- **Exercise**
Which lines run from the one containing "Illustration Graphic Art" to the last line of the entries? Return them exactly, with nothing more.

--- Dataset records ---

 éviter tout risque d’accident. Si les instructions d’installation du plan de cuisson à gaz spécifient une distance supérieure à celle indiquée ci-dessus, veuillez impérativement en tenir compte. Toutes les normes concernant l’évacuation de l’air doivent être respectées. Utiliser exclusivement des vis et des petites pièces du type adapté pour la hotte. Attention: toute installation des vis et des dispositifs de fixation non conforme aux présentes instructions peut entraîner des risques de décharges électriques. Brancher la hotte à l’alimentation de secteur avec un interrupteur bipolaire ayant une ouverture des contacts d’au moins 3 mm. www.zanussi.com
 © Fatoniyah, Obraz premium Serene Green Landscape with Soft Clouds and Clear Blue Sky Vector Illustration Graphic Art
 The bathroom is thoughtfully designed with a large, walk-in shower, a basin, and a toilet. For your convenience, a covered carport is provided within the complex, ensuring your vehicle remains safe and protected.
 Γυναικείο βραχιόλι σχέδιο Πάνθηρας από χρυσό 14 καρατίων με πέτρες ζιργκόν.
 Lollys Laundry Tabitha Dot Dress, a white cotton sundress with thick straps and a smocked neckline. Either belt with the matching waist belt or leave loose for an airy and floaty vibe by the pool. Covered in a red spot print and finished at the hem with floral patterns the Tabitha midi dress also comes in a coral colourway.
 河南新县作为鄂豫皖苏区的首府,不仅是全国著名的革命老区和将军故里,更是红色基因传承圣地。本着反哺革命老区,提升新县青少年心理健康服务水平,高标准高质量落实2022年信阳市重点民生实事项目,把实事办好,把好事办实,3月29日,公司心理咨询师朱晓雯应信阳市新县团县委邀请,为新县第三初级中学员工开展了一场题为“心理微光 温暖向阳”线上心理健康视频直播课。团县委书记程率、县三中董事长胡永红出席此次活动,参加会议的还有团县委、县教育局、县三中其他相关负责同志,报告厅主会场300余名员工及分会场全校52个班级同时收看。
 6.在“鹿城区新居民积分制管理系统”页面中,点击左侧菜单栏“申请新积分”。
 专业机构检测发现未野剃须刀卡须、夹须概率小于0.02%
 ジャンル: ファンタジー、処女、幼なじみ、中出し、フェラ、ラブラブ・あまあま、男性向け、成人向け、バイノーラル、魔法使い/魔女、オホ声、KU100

---

- **Result**
 © Fatoniyah, Obraz premium Serene Green Landscape with Soft Clouds and Clear Blue Sky Vector Illustration Graphic Art
 The bathroom is thoughtfully designed with a large, walk-in shower, a basin, and a toilet. For your convenience, a covered carport is provided within the complex, ensuring your vehicle remains safe and protected.
 Γυναικείο βραχιόλι σχέδιο Πάνθηρας από χρυσό 14 καρατίων με πέτρες ζιργκόν.
 Lollys Laundry Tabitha Dot Dress, a white cotton sundress with thick straps and a smocked neckline. Either belt with the matching waist belt or leave loose for an airy and floaty vibe by the pool. Covered in a red spot print and finished at the hem with floral patterns the Tabitha midi dress also comes in a coral colourway.
 河南新县作为鄂豫皖苏区的首府,不仅是全国著名的革命老区和将军故里,更是红色基因传承圣地。本着反哺革命老区,提升新县青少年心理健康服务水平,高标准高质量落实2022年信阳市重点民生实事项目,把实事办好,把好事办实,3月29日,公司心理咨询师朱晓雯应信阳市新县团县委邀请,为新县第三初级中学员工开展了一场题为“心理微光 温暖向阳”线上心理健康视频直播课。团县委书记程率、县三中董事长胡永红出席此次活动,参加会议的还有团县委、县教育局、县三中其他相关负责同志,报告厅主会场300余名员工及分会场全校52个班级同时收看。
 6.在“鹿城区新居民积分制管理系统”页面中,点击左侧菜单栏“申请新积分”。
 专业机构检测发现未野剃须刀卡须、夹须概率小于0.02%
 ジャンル: ファンタジー、処女、幼なじみ、中出し、フェラ、ラブラブ・あまあま、男性向け、成人向け、バイノーラル、魔法使い/魔女、オホ声、KU100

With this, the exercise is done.